Quoting "Viechtbauer Wolfgang (STAT)"  
<wolfgang.viechtbauer at maastrichtuniversity.nl> on Thu, 26 Feb 2015  
17:50:36 +0100:

> Good point. Using sparse matrix methods is one way of handling that.  
> Set 'sparse=TRUE' for rma.mv() to do so.
>
> Best,
> Wolfgang
>
>> -----Original Message-----
>> From: Jarrod Hadfield [mailto:j.hadfield at ed.ac.uk]

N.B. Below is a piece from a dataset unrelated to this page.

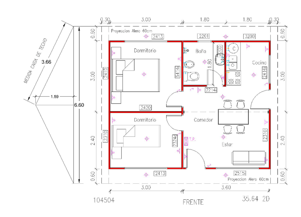 Esta casa prefabricada, según la descripción, es de 35,64 metros cuadrados.

>> Sent: Thursday, February 26, 2015 17:42
>> To: Viechtbauer Wolfgang (STAT)
>> Cc: r-sig-mixed-models at r-project.org; Matthew Keller
>> Subject: Re: [R-sig-ME] estimating variance components for arbitrarily
>> defined var/covar matrices
>>
>> Hi,
>>
>> If the `genetic' matrix is pedigree derived (?) the matrix is a
>> correlation matrix (in the absence of inbreeding) or proportional to
>> the covariance matrix (with inbreeding). However, the matrix has a lot
>> of structure that can be exploited by *not* treating it as just
>> another correlation matrix. Specifically, the inverse of the matrix is
>> all zeros, except for the diagonal elements and those that correspond
>> to mates and/or parent-offspring. ASReml, WOMBAT, MCMCglmm, pedigreem
>> (?) + others all exploit this structure leading to faster more robust
>> results. For small problems this might not be an issue.
>>
>> Cheers,
>>
>> Jarrod
>>
>> Quoting "Viechtbauer Wolfgang (STAT)"
>> <wolfgang.viechtbauer at maastrichtuniversity.nl> on Thu, 26 Feb 2015
>> 17:24:39 +0100:
>>
>> > And just to throw another package in the mix, you can also use the
>> > metafor package for this. While this doesn't quite sound like a
>> > meta-analysis, in the end, meta-analysis models are just
>> > mixed-effects models. And in a phylogenetic meta-analysis, we add
>> > random effects with known correlations matrices to the model.
>> >
>> > The syntax would be:
>> >
>> > id.e <- 1:nrow(dat)
>> > id.r <- 1:nrow(dat)
>> > rma.mv(y ~ <fixed effects>, V = 0, random = list(~ 1 | id.r, ~ 1 |
>> > id.e), R = list(id.r = GRM), data=dat)
>> >
>> > where 'GRM' is the n x n matrix of similarities. The V = 0 part
>> > seems a bit strange, but in meta-analytic models, we usually don't
>> > estimate the error variance and instead have known sampling
>> > variances (or even a known variance-covariance matrix of the
>> > sampling errors). Here, we don't, so we just set that part to 0
>> > (you'll get a warning that 'V appears to be not positive definite.'
>> > but you can safely ignore this). This will fit the model that you
>> > specified below.
>> >
>> > Besides the estimates of the fixed effects, the results will include
>> > two variance components, one for id.r (this is VG) and one for id.e
>> > (this is sigma^2_error). The default is REML estimation (method="ML"
>> > is you want MLEs).
>> >
>> > By default, rma.mv() tries to rescale the matrix supplied via the R
>> > argument into a correlation matrix. Not sure if your matrix of
>> > similarities is really a correlation matrix or not. In case you
>> > don't want the function to mess with the matrix, set 'Rscale=FALSE'
>> > and it won't touch it.
>> >
>> > Best,
>> > Wolfgang
>> >
>> > --
>> > Wolfgang Viechtbauer, Ph.D., Statistician
>> > Department of Psychiatry and Psychology
>> > School for Mental Health and Neuroscience
>> > Faculty of Health, Medicine, and Life Sciences
>> > Maastricht University, P.O. Box 616 (VIJV1)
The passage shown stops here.